Input below:

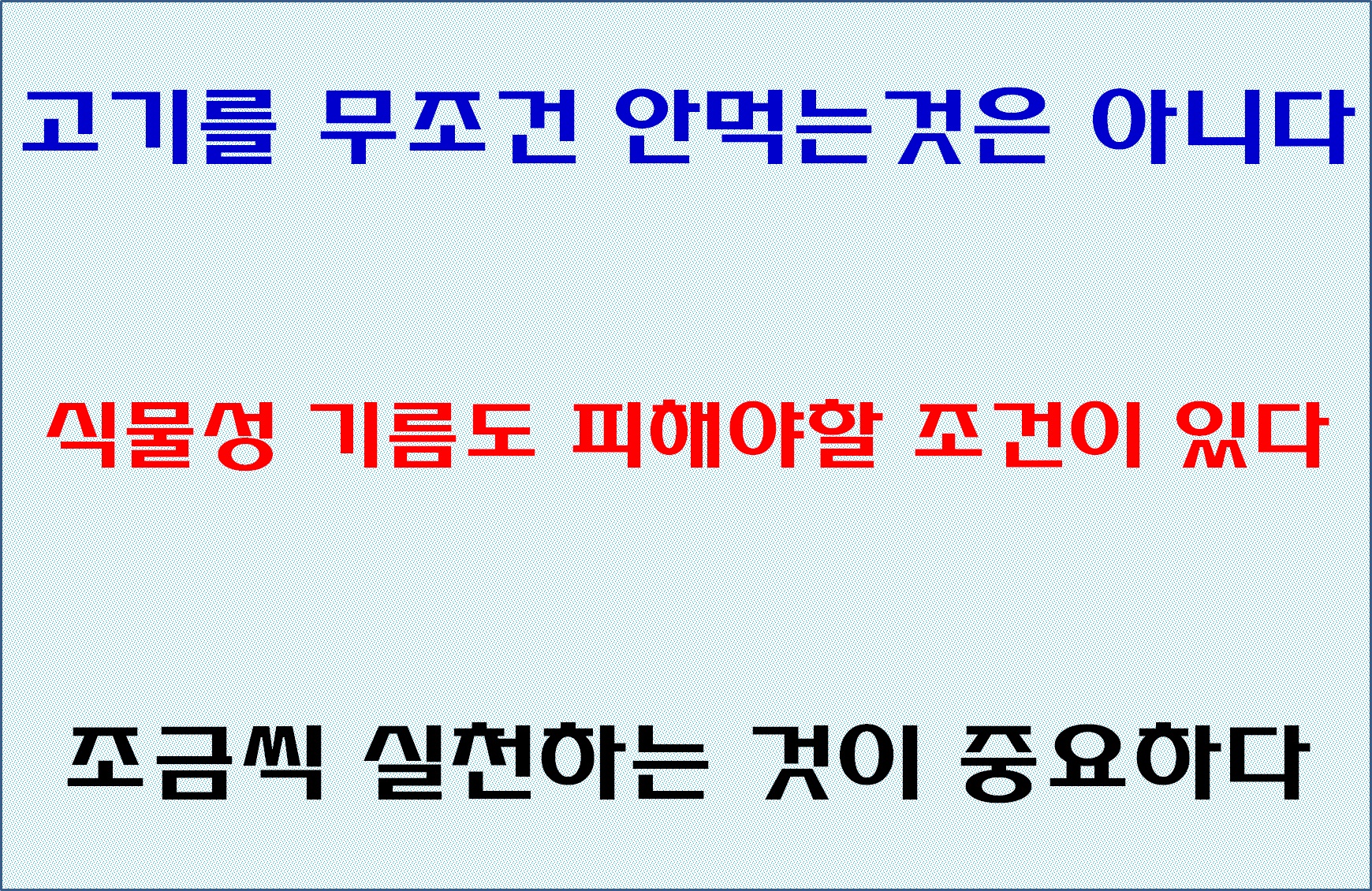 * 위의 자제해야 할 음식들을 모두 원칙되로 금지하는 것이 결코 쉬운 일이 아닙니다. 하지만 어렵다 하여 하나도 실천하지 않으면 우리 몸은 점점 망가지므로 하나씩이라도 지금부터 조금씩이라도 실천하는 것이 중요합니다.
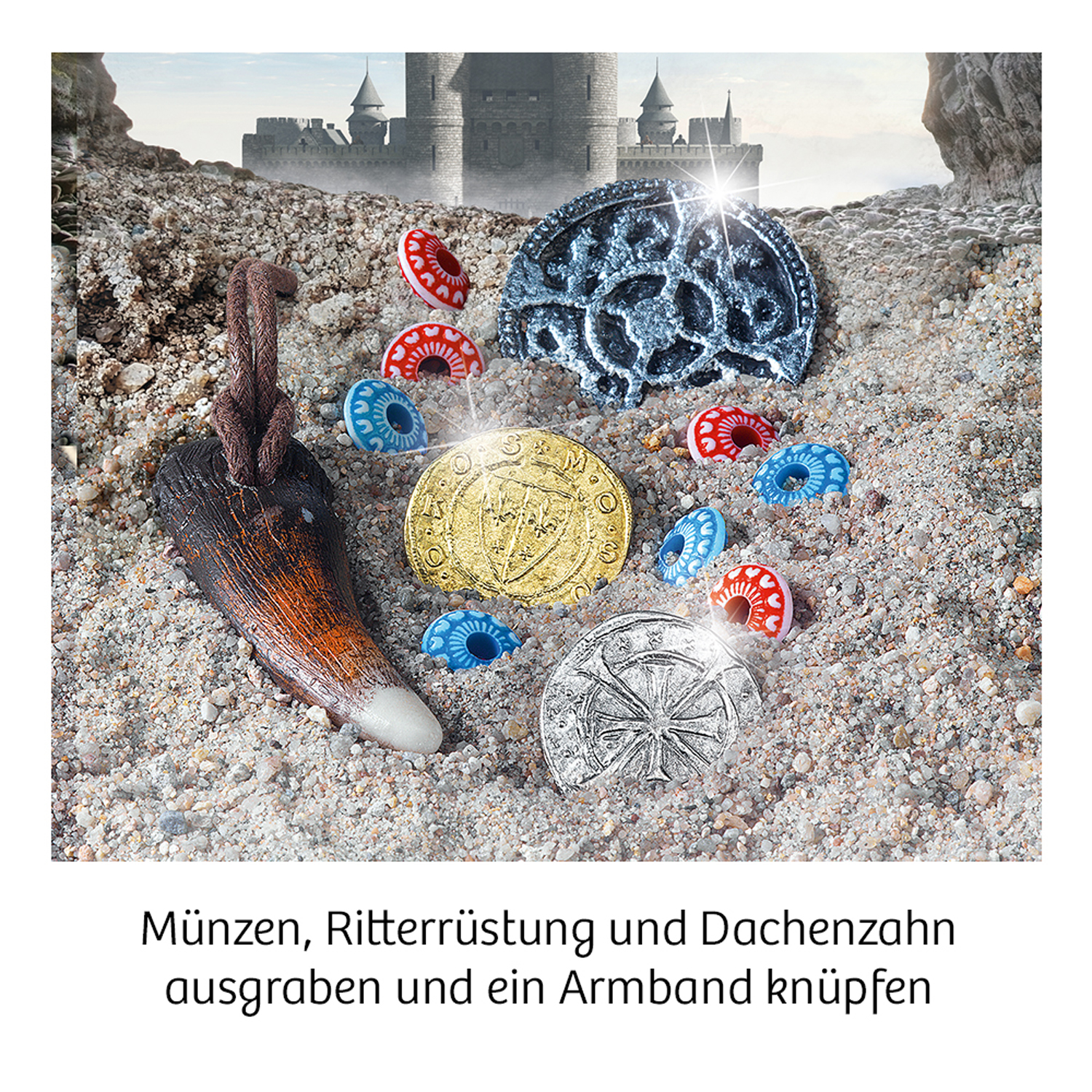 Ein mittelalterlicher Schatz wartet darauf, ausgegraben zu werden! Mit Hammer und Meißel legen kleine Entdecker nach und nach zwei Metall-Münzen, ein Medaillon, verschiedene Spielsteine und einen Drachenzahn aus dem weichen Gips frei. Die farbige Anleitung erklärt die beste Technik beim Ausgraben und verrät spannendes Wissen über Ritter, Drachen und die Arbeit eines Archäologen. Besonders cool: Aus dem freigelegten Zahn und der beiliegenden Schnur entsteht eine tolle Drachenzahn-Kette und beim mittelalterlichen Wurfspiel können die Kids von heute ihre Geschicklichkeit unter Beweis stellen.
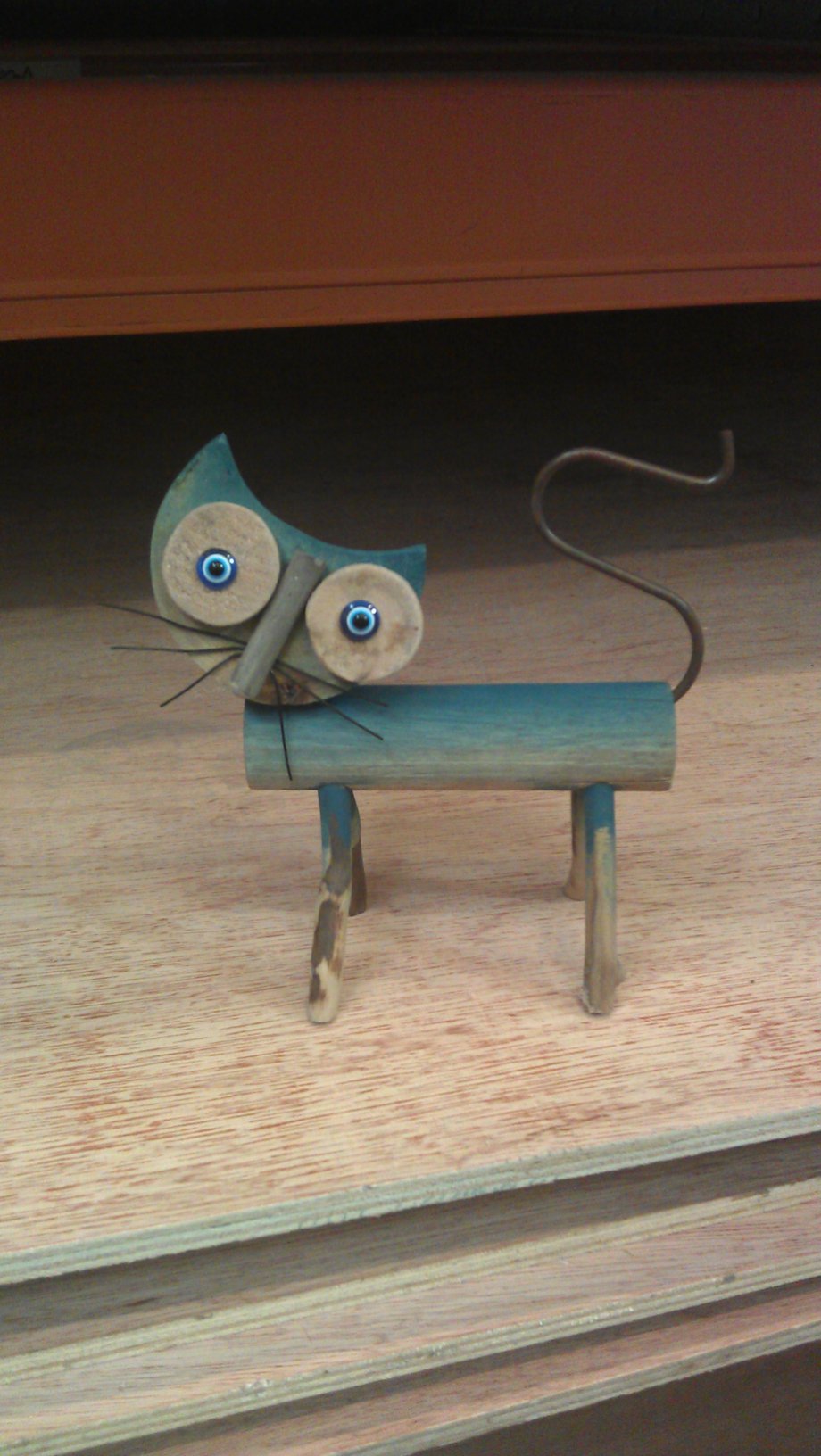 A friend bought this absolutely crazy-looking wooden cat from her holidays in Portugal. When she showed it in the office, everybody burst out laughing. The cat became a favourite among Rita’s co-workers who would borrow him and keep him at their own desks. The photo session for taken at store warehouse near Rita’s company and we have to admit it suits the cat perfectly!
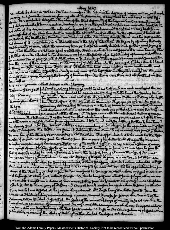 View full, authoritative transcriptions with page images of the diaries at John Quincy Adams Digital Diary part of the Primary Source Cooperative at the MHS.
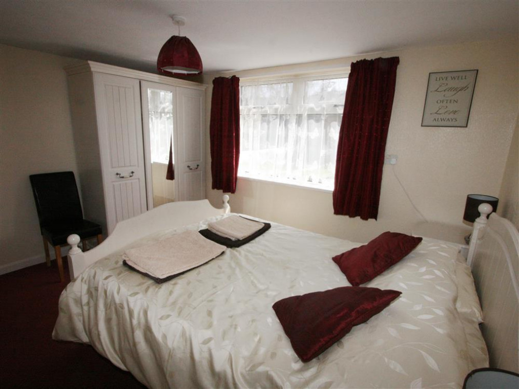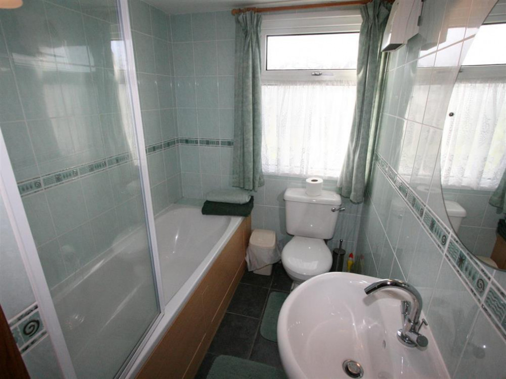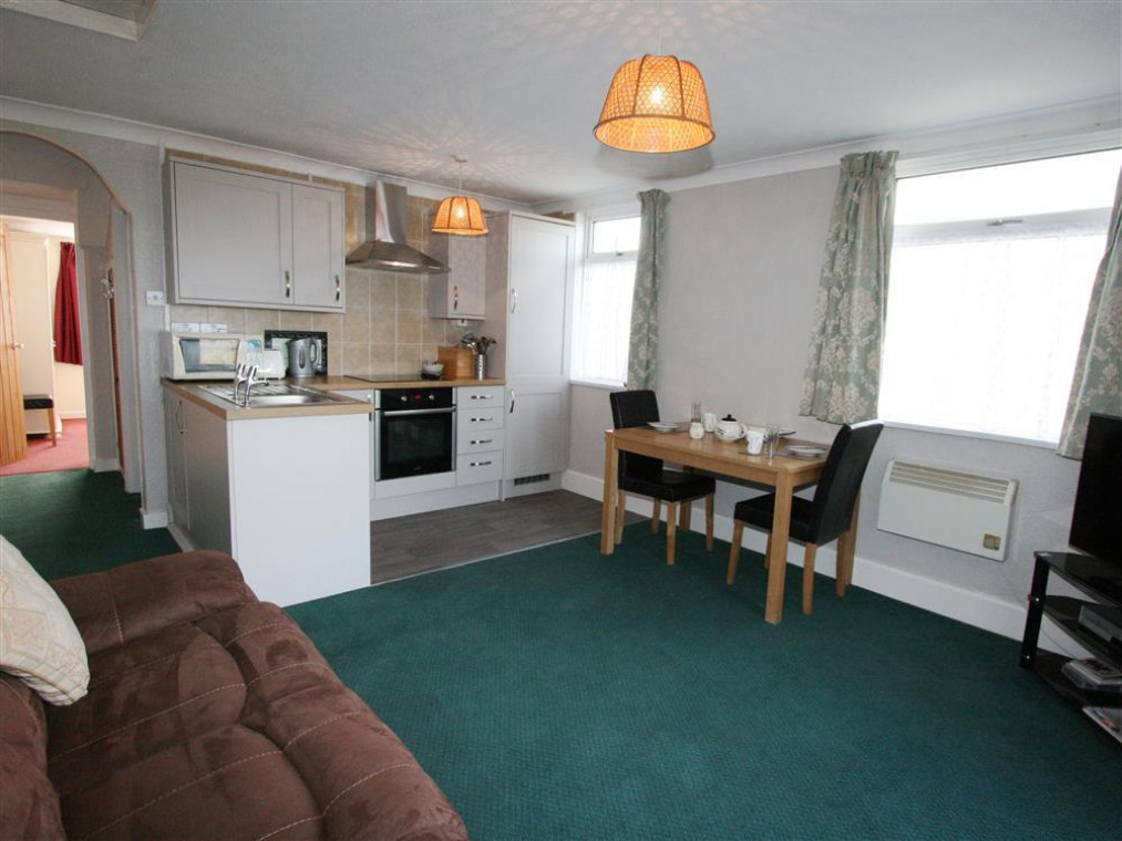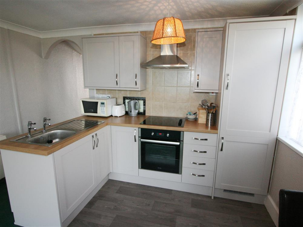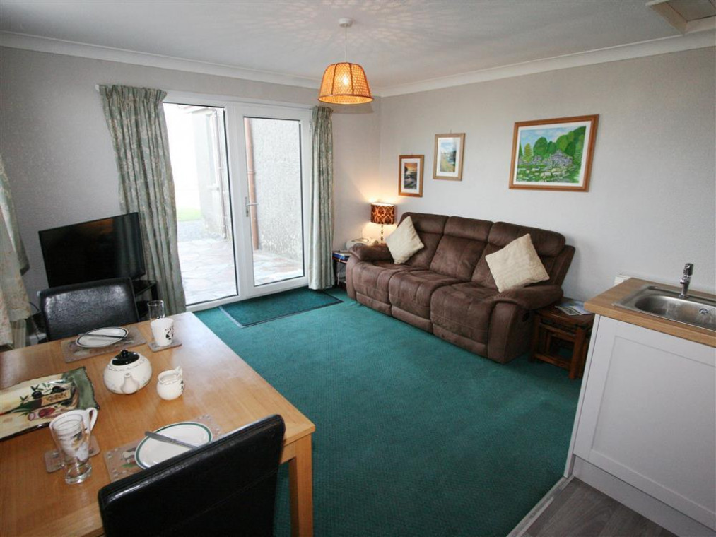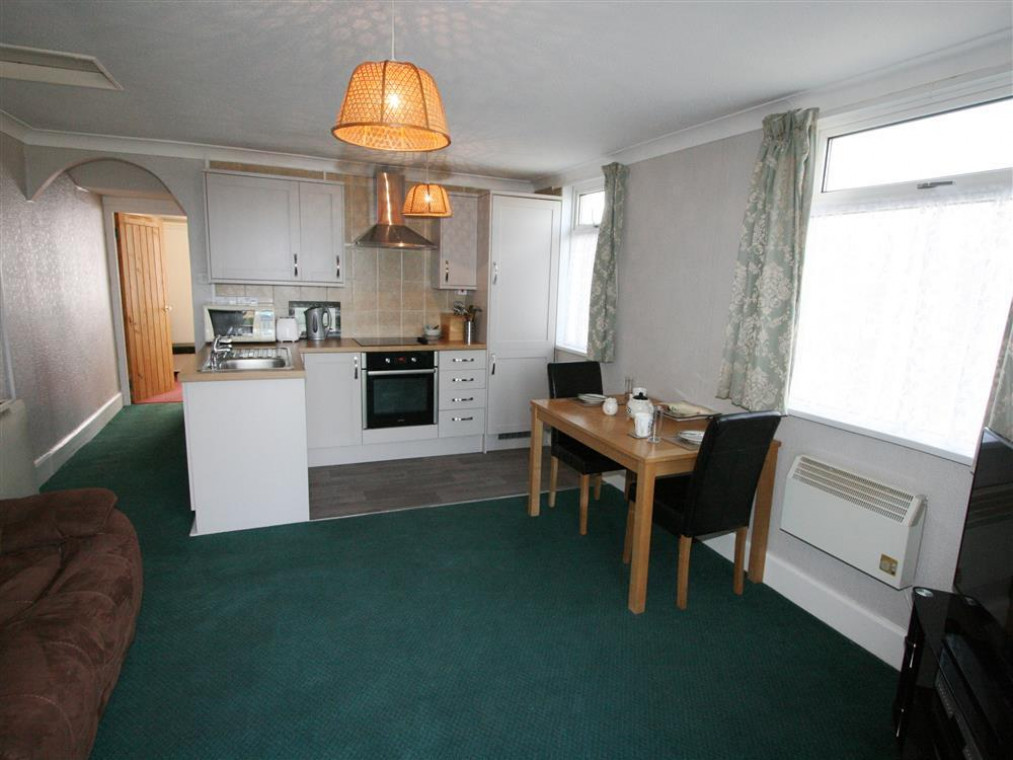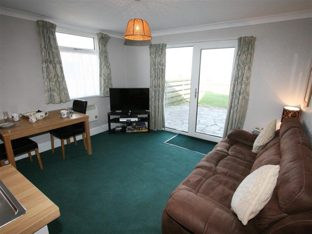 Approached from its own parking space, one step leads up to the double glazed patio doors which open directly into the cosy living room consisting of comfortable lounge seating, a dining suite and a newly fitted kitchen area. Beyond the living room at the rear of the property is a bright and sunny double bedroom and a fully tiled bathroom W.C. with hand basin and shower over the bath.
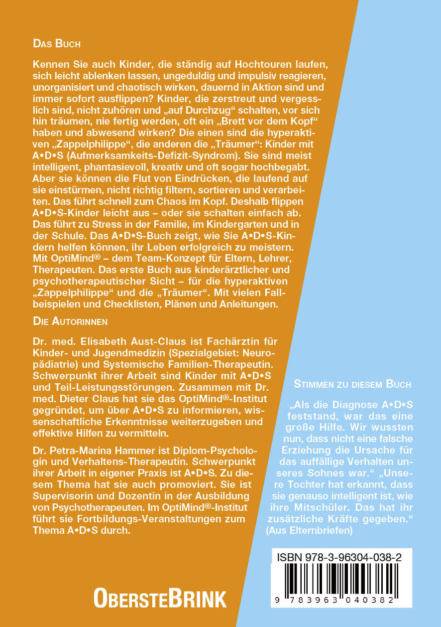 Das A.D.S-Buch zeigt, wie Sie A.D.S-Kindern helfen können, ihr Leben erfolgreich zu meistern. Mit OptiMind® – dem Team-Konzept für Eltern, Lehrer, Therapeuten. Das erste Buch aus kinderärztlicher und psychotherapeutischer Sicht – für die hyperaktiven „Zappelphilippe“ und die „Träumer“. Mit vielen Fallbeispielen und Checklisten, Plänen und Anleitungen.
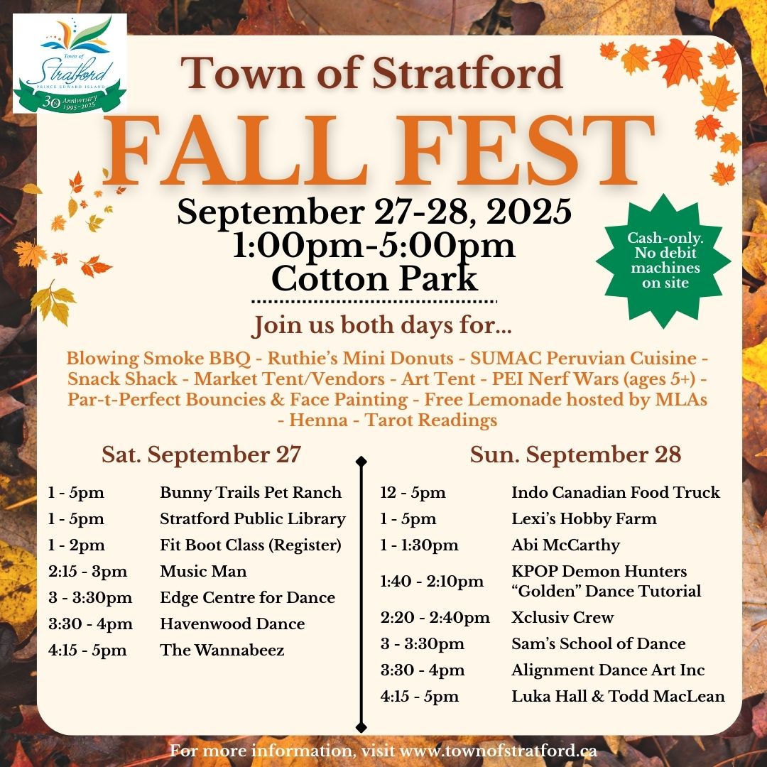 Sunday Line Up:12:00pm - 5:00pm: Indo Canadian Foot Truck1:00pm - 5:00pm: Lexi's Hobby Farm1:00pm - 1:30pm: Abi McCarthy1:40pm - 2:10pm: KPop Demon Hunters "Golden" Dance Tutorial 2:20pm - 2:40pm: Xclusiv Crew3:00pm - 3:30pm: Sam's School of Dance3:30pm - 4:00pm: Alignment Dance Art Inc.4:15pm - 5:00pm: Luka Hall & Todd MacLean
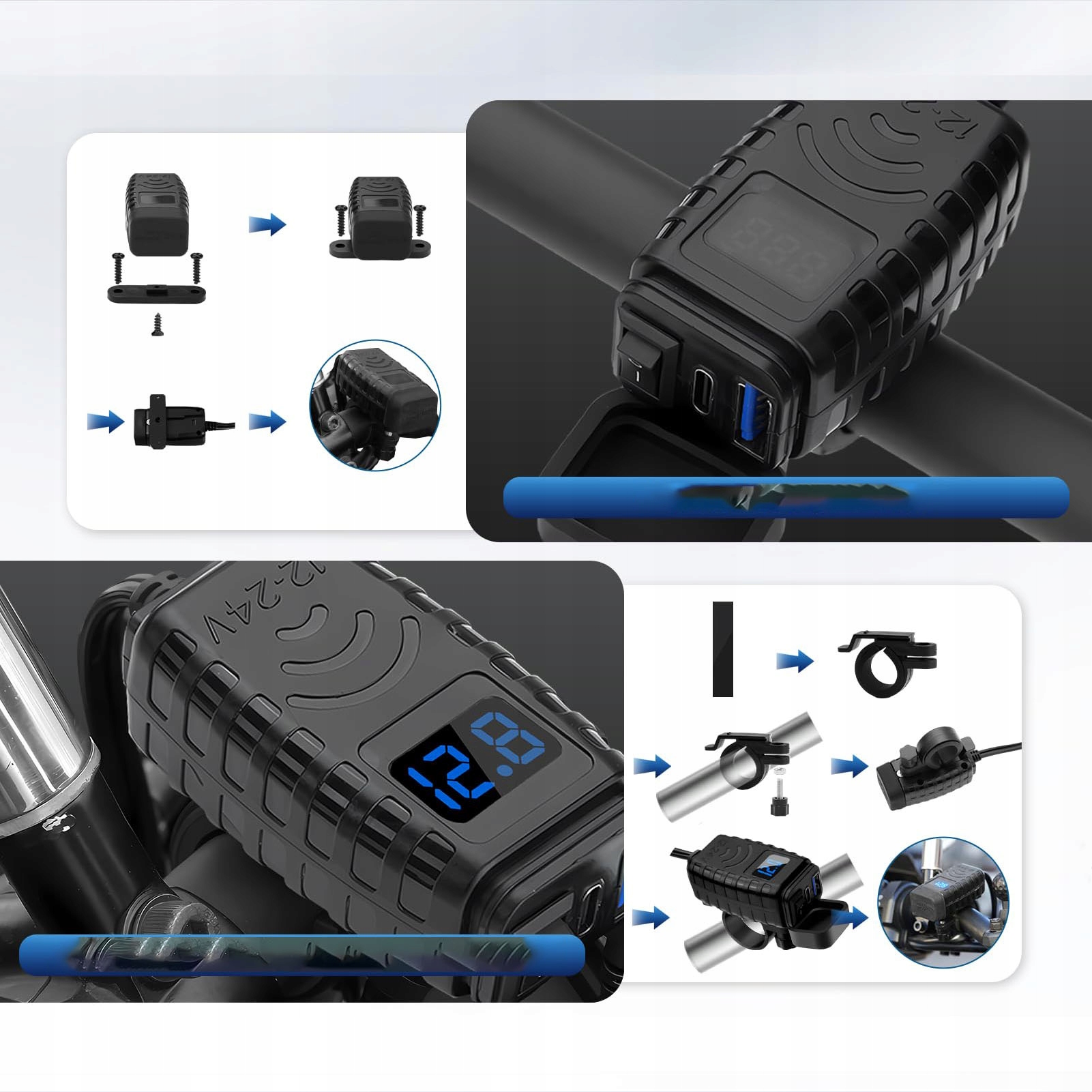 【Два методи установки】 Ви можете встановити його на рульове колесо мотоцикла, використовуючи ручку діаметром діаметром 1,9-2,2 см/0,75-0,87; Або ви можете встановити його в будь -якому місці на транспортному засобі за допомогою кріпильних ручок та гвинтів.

End of Input.

— Problem description —
The copy should hold exactly the lines from the one containing "Approached from its" through the final line of the records above, both ends included, and no picture.

— Reply —
 Approached from its own parking space, one step leads up to the double glazed patio doors which open directly into the cosy living room consisting of comfortable lounge seating, a dining suite and a newly fitted kitchen area. Beyond the living room at the rear of the property is a bright and sunny double bedroom and a fully tiled bathroom W.C. with hand basin and shower over the bath.
 Das A.D.S-Buch zeigt, wie Sie A.D.S-Kindern helfen können, ihr Leben erfolgreich zu meistern. Mit OptiMind® – dem Team-Konzept für Eltern, Lehrer, Therapeuten. Das erste Buch aus kinderärztlicher und psychotherapeutischer Sicht – für die hyperaktiven „Zappelphilippe“ und die „Träumer“. Mit vielen Fallbeispielen und Checklisten, Plänen und Anleitungen.
 Sunday Line Up:12:00pm - 5:00pm: Indo Canadian Foot Truck1:00pm - 5:00pm: Lexi's Hobby Farm1:00pm - 1:30pm: Abi McCarthy1:40pm - 2:10pm: KPop Demon Hunters "Golden" Dance Tutorial 2:20pm - 2:40pm: Xclusiv Crew3:00pm - 3:30pm: Sam's School of Dance3:30pm - 4:00pm: Alignment Dance Art Inc.4:15pm - 5:00pm: Luka Hall & Todd MacLean
 【Два методи установки】 Ви можете встановити його на рульове колесо мотоцикла, використовуючи ручку діаметром діаметром 1,9-2,2 см/0,75-0,87; Або ви можете встановити його в будь -якому місці на транспортному засобі за допомогою кріпильних ручок та гвинтів.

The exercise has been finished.